Please don't interpret what I am saying as a programming challenge -- I understand that it is possible to write long code with a list of exceptions or rules and have that algorithm work pretty well in most cases. The point is that writing that algorithm is a lot of work, running it will be inefficient, and it will never be exact because the data itself that is being processed is essentially random. It's just like the old saying: "garbage in, garbage out". Still one of my favorites, after all these years, and it still applies!
A Data Model that requires Parsing = A Poor Data Model
So, we need to accept that sometimes you've got to parse data like this. And that's OK; it happens, it can be done, even if some manual work is often involved.
However, there's no excuse when you design your database, your SQL code, or applications so that free-form data must
be parsed, when you can simply design it correctly in the first place and store your data already broken out into the smallest possible units with the correct data types.
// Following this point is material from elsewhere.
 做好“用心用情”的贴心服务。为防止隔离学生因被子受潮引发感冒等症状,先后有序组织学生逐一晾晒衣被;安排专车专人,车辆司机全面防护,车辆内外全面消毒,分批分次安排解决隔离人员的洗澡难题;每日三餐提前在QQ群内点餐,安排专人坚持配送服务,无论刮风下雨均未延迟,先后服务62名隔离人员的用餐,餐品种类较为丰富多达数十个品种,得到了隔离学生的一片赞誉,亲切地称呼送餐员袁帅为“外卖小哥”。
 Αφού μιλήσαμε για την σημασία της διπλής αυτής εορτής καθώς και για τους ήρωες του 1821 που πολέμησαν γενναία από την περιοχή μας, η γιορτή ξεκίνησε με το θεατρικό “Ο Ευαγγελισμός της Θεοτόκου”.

If breaking out a contact's name into First, Last, Middle, etc is important to your application, then you should force the point of data entry to accept input broken out into those columns. The same goes for phone numbers, addresses, and so on. Any time you have the option of accepting input as clean, short, raw, segments of data you should always do it. Once you have data at that smaller resolution, it is trivial to combine it any way that you want for presentation, formatting, filtering, and so on.
It may seem like overkill to break out a phone number into 4 columns:
And, in fact, it might be more complicated than that if you need to deal with international phone numbers. You may look at your tables, and your code, and even the UI that accepts these fields and think "that is way too precise and unnecessary, breaking out phone numbers like this sure makes things complicated!"
But by doing this, and only accepting user input that follows precise rules of what is allowed in these fields, and storing each of them in their own column, you can now easily and efficiently:
- Sort these numbers any way you want, without worrying about extra characters like parenthesis or dashes, or leading 1s, messing things up
- Filter quickly on an area code without the need to use LIKE, and again worrying about extra characters getting in the way
- Present the phone number quickly and easily any way you want without any parsing, be it as 123.123.1345 x123 or "(123) 123-1345 extension 123", or anything you want.
- Validate your phone numbers, ensuring you have all the necessary parts and they are the proper length, without worrying about parsing strings
Considering doing any of those things if your data is stored in random strings like:
123-124-1234, ex. 123
(123)124.1234 ext. 123
1 123 124 1234 123
and so on ... Not so easy in that case, just as parsing simple "Name" columns into First/Last, or addresses into Number/Street/Unit is not so easy as well.
Again, this is not a programming challenge -- I am sure it can done. (In fact, phone numbers are generally the easiest because you can usually just ignore anything other than digits.) Most of us have done it before. But designing something in such a way that parsing is required
to do simple filtering, sorting, or formatting, is a bad design
It's Not About the UI
As I wrote here
, you should never think "I want to display phone numbers like 123.123.1234, so I should store them and return them that way." You should always think "How can I break this down into small, concrete parts that are easily validated and easy to combine any way I want at any time?"
So, what if you need fine detail when storing addresses, but you don't want your UI to present Street Number, Street Name, Unit Type, Unit Number as different data entry fields for usability or aesthetic reasons? That's fine, but that doesn't mean you should not set up your database properly. Your UI can certainly still present that one single "Address" text box for the user to fill out, parse that text at data entry
, show the user the parsed result in multiple fields, and ask "Please verify for your address" or something along those lines. Then, if not, the user can tweak the results and save it. If you do things along those lines, and focus on getting the data parsed and stored correctly at the earliest point possible, every other part of your code will be that much more efficient.
All of this applies not only to data storage, but to how data is returned and passed between tiers as well. Again, if you just return separate columns to your client application, instead of focusing on making them "look nice" in your database code by returning nothing but long, "pre-formatted" strings, your client can simply concatenate and format those columns any way it needs. And, different clients can format that same database output in different ways -- all without ever altering any database code!
In short, remember that writing concatenation is easy, efficient, and exact. Writing a parsing routine, on the other hand, is often none
of those things. You may not always be able to control the design of the data you are working with, but be sure that when you can, you do it right. If you find yourself using lots of LIKE expressions, or string parsing for simple data retrieval operations, something is wrong. Time to fix up your database and your code, store the parsed and validated data permanently, and make things easier and cleaner for everyone.
Whether you are designing a schema, writing a SELECT, or writing code in any other programming language, remember that the Golden Rule of Data Manipulation always
applies. Accept this rule, learn from it, and practice it, and you might be surprised to find that programming isn't quite as hard as you thought it was.